On Dec. 21, 2020, the United States Congress passed the Nita M. Lowey Middle East Partnership for Peace Act. The new law provides $250 million over five years to expand peace and reconciliation programs between Israelis and Palestinians as well as to support projects bolstering the Palestinian economy. This legislation is the result of over a decade of advocacy by the Alliance for Middle East Peace (ALLMEP) toward the creation of an International Fund for Israeli-Palestinian Peace. The legislation was advanced by Representatives Nita Lowey (D-NY) and Jeff Fortenberry (R-NE) along with Senators Chris Coons (D-CT) and Lindsey Graham (R-SC) and signed by former President Donald Trump.

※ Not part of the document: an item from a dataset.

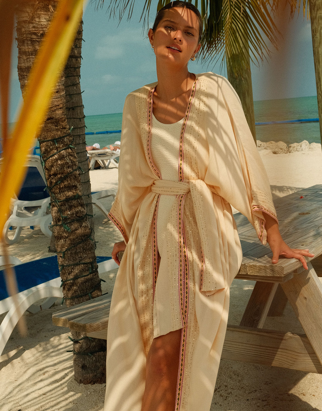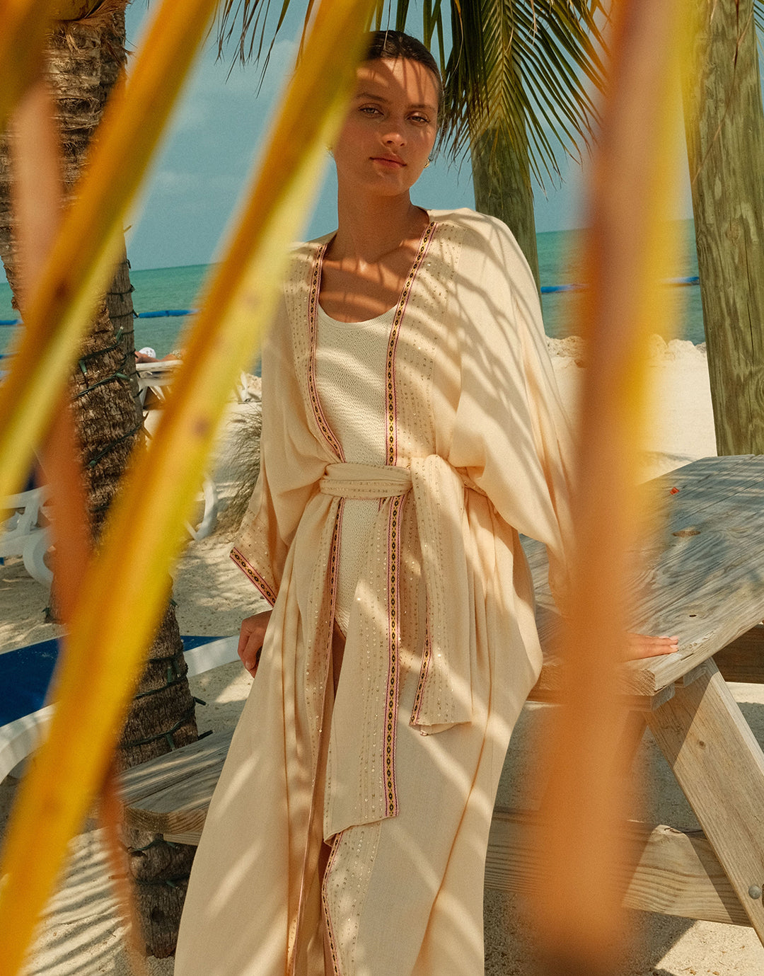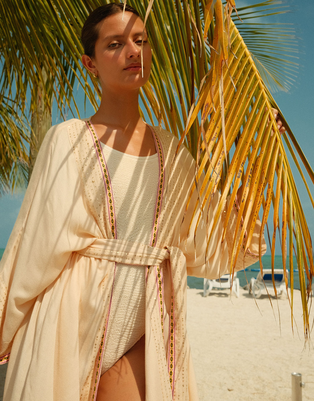 The Vanessa Sequin kimono from Pitusa is a beautiful pale melon coloured style with sequin and Inca weave detailing at the edges and hems. In loose fitting style with wide kimono style sleeves and a sash tie.

The law seeks to “disrupt growing polarization and dehumanization in the region and help lay the foundations for a genuine peace between Palestinians and Israelis” and it “requires the U.S. Agency for International Development (USAID) to establish the Partnership Fund for Peace for promoting economic development in Palestine and reconciliation between Israelis and Palestinians.” Specifically, the bill directs USAID to help finance: small and medium-sized Palestinian businesses and entrepreneurs in order to promote the private sector and create jobs in the Palestinian territories, and (2) people-to-people (P2P) peacebuilding programs that support reconciliation between Palestinians and Israelis. According to the bill, a P2P partnership requesting support from the fund must include a nonprofit organization that brings Palestinians and Israelis together for reconciliation.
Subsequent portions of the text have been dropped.